…And there was this chap who got away from the family farm as quickly as humanly possible and joined the Navy, winding up in submarines. After a long patrol with no family communications etc he couldn't wait to phone home and see how things were going back on the farm.
So he joined the queue for the phone box on the end of the jetty, merrily jingling the coins in his pocket. (no, that is not a euphemism. Behave yourselves.) Eventually it was his turn and he dialled home and fed his coins into the slot.
"Hello, Mum! It's me – we just got alongside. How's everything – how's my lovely dog Shep?"
"Oh, son, I'm ever so sorry, I'm afraid your dog Shep….is dead!"

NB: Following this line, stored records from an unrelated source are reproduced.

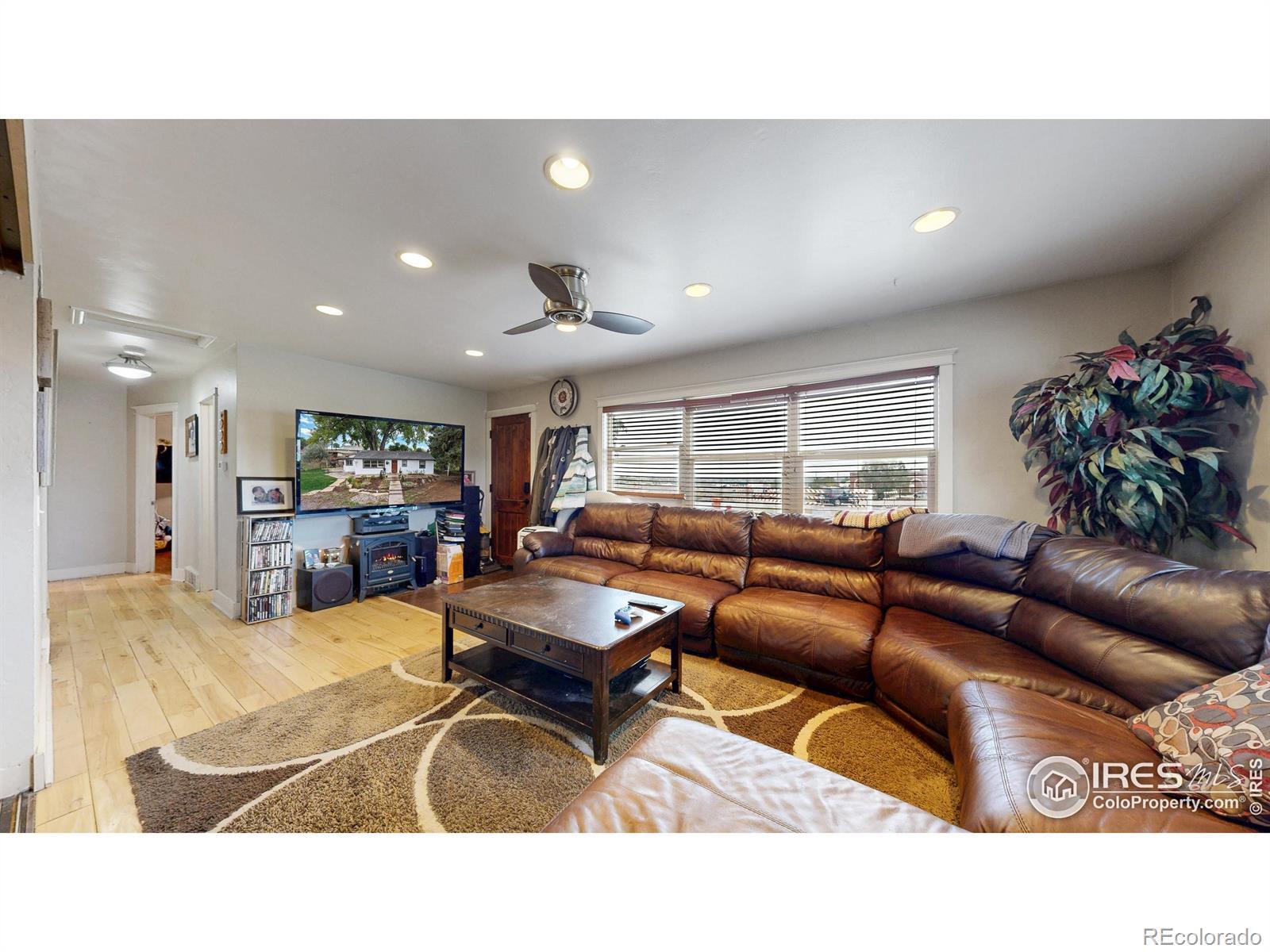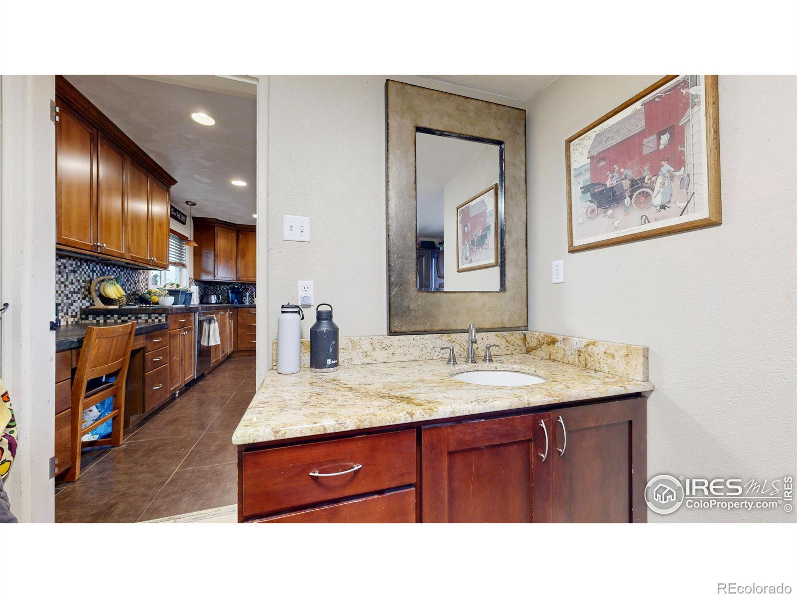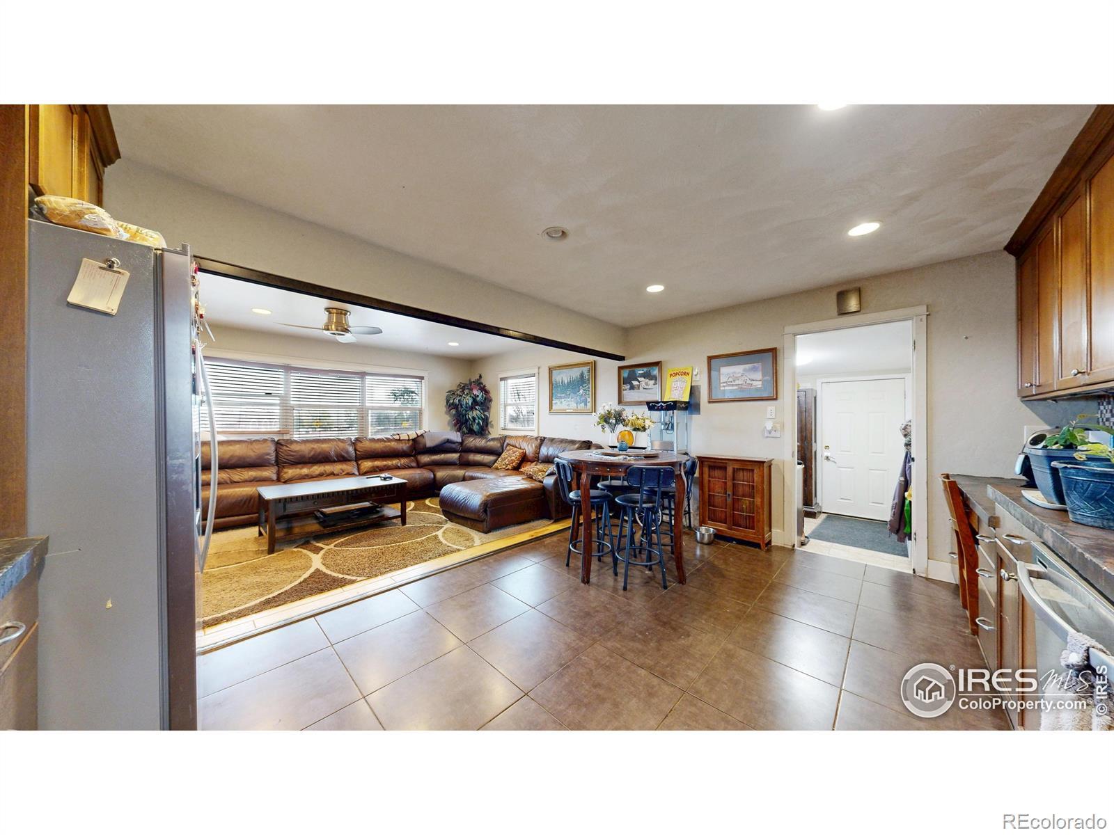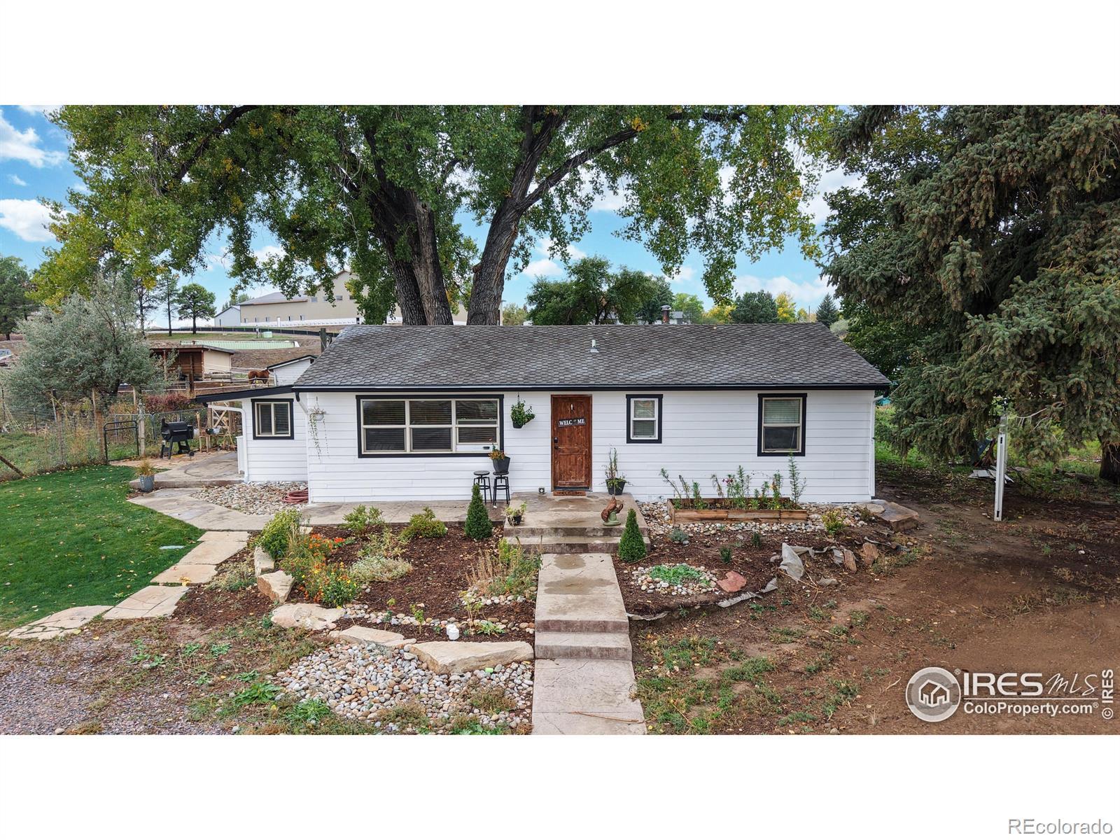 Featuring 2.68 acres in an ideal south Fort Collins location. Generating $65,400/year in rental income through lot rent, RV pad, and home rent. Home available for lease or can be vacated and owner occupied. Farm or business potential with LMN zoning and high profile location on Trilby Road. The home has been updated twice since 2011. Unique kitchen finish with patina/stained concrete counters, alder cabinets, tile backsplash, and stainless steel appliances. Open living room with tile entry and beautiful natural stained wood floors. Contemporary bathroom with beautiful custom granite and stone vessel sink, custom mirror, and update tile on floor and in shower. Primary bathroom includes Other great finishes throughout the home include plaster wall finish, real hardwood flooring in bedrooms, and updated light fixtures. Newly repainted exterior and updated landscaping.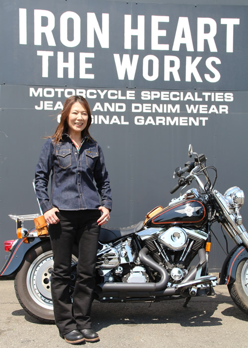 隣にご登場いただいているハーレーに乗る三浦さんの影響でアイアンハートの商品を愛用しているという裕子さん。彼女はバイクを運転せず、タンデムオンリーだが、バイクに乗る時は必ず着用している。愛用している“黒鎧”デニムレディースブーツカット22,000円(税抜き)は裕子さんのもともとのスタイルの良さも手伝って、抜群の曲線美を演出してくれる。もちろんメンズ用と同様の21オンスという厚手の生地だ。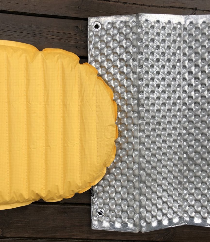 Jeg har satt sammen et opplegg med Neoair (kjøpt brukt på finn for 4-500kr) og Z-Lite (kopi fra Naturhike (eBay) i mitt tilfelle). Det blir 193 cm langt i mitt tilfelle, men du kan justere lengden med antall ledd. Har laget maljehull med et sett fra Biltema. På underlaget har jeg brukt limfester fra Zpacks og en tråd. Da kan jeg feste sammen begge underlag, slik at de ikke sklir fra hverandre. Undersiden ser slik ut. Oversiden blir slik Vekta inkl pakkpose og repsett blir 398 gram. Da har jeg 6 ledd som jeg bruker som sitteplate og ved bål. På natta kobler jeg de sammen slik at beina er på skumunderlaget. Må legge litt klær/sekken under for å få lik høyde. @Jan Erik Hansen Her har du bilder, laget en egen tråd på dette.

"Dead? Dead? What happened?"
"Kicked in the head by old Dobbin the horse. Didn't stand a chance!"
"But… but Dobbin was a lovely, gentle horse! Why on earth would lovely old Dobbin kick Shep?"
"Ah… we think he was panicking with the smoke and all."
"Smoke? What smoke?"
"Well, with the stables being on fire and burning down, there was a lot of smoke in there. In fact is was the smoke that did for the old horse"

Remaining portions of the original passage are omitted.